Exercise aim.
Every line below is to be set down again exactly; any image stays out.

Stored entries.
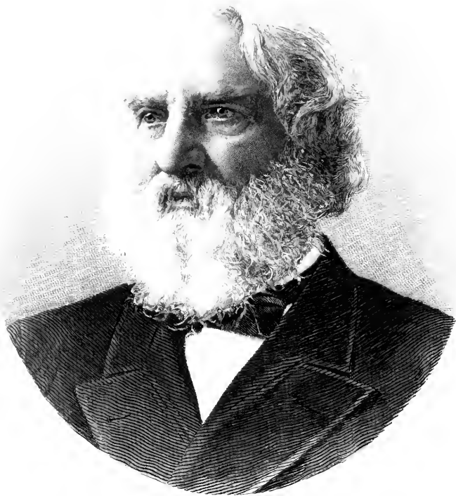
Henry W. Longfellow 1879
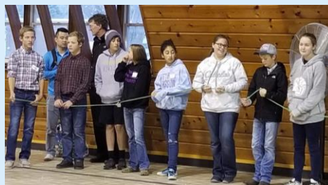
Praying the Living Rosary with a giant Rosary
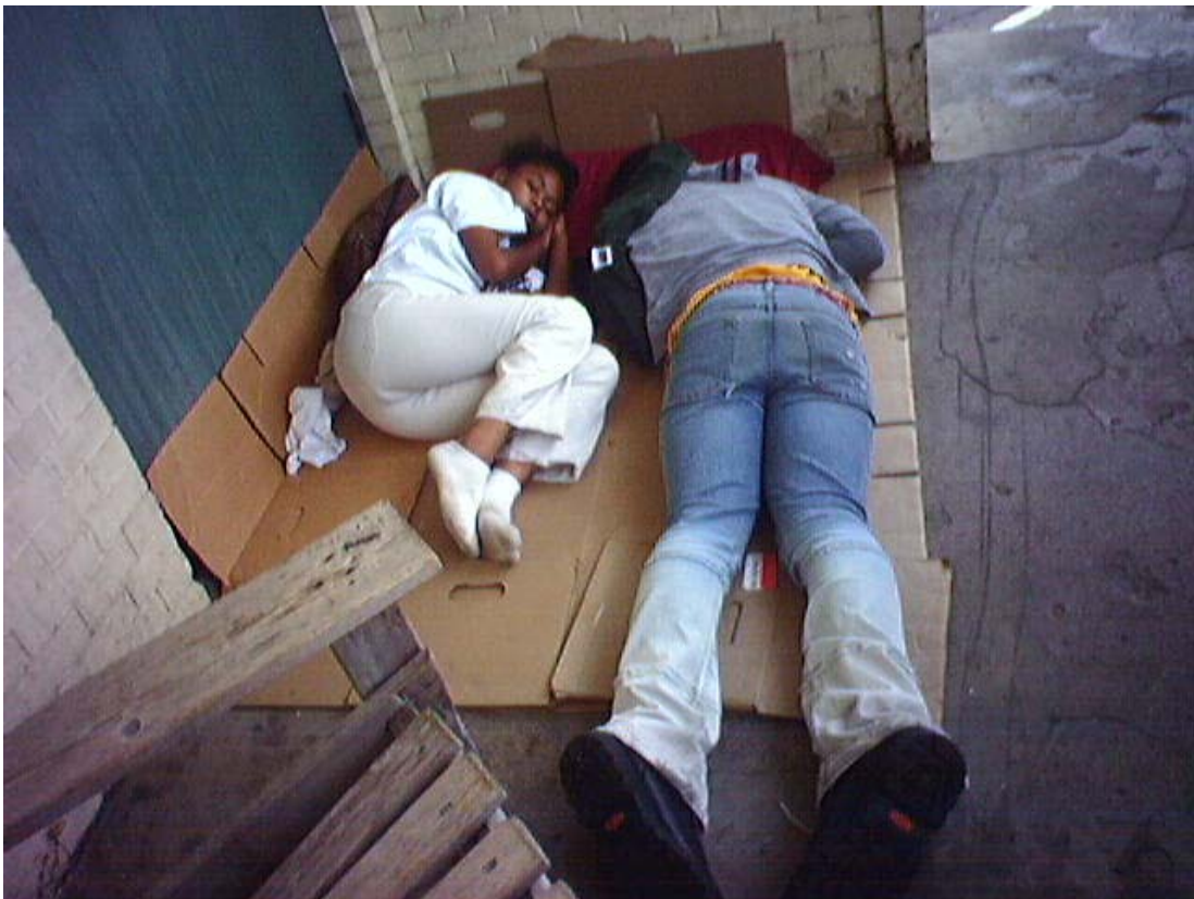
Front walkway entrance to YouthLink, going into my office.

And to the people on the streets in the Twin Cities, your stories, your situations, brought and continue to bring me humility daily. It seems like the main difference between me and you are God's grace and mercy.
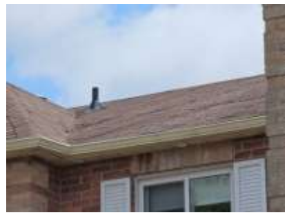
Pic. 3: Roof covering
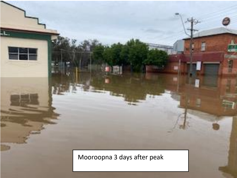
Mooroopna 3 days after peak
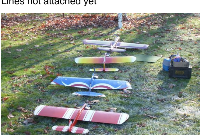
Gary has several ready to go up
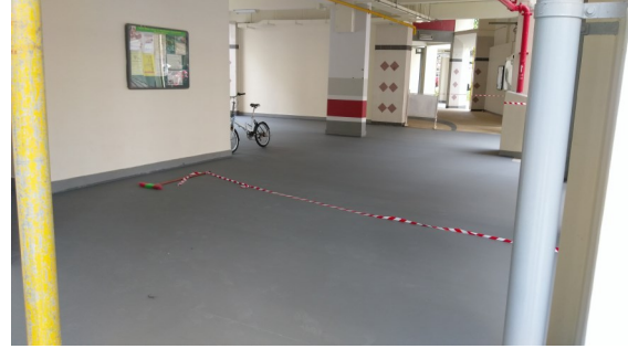
Floor Coating at HDB void deck

Written answer.
Henry W. Longfellow 1879
Praying the Living Rosary with a giant Rosary
Front walkway entrance to YouthLink, going into my office.

And to the people on the streets in the Twin Cities, your stories, your situations, brought and continue to bring me humility daily. It seems like the main difference between me and you are God's grace and mercy.
Pic. 3: Roof covering
Mooroopna 3 days after peak
Gary has several ready to go up
Floor Coating at HDB void deck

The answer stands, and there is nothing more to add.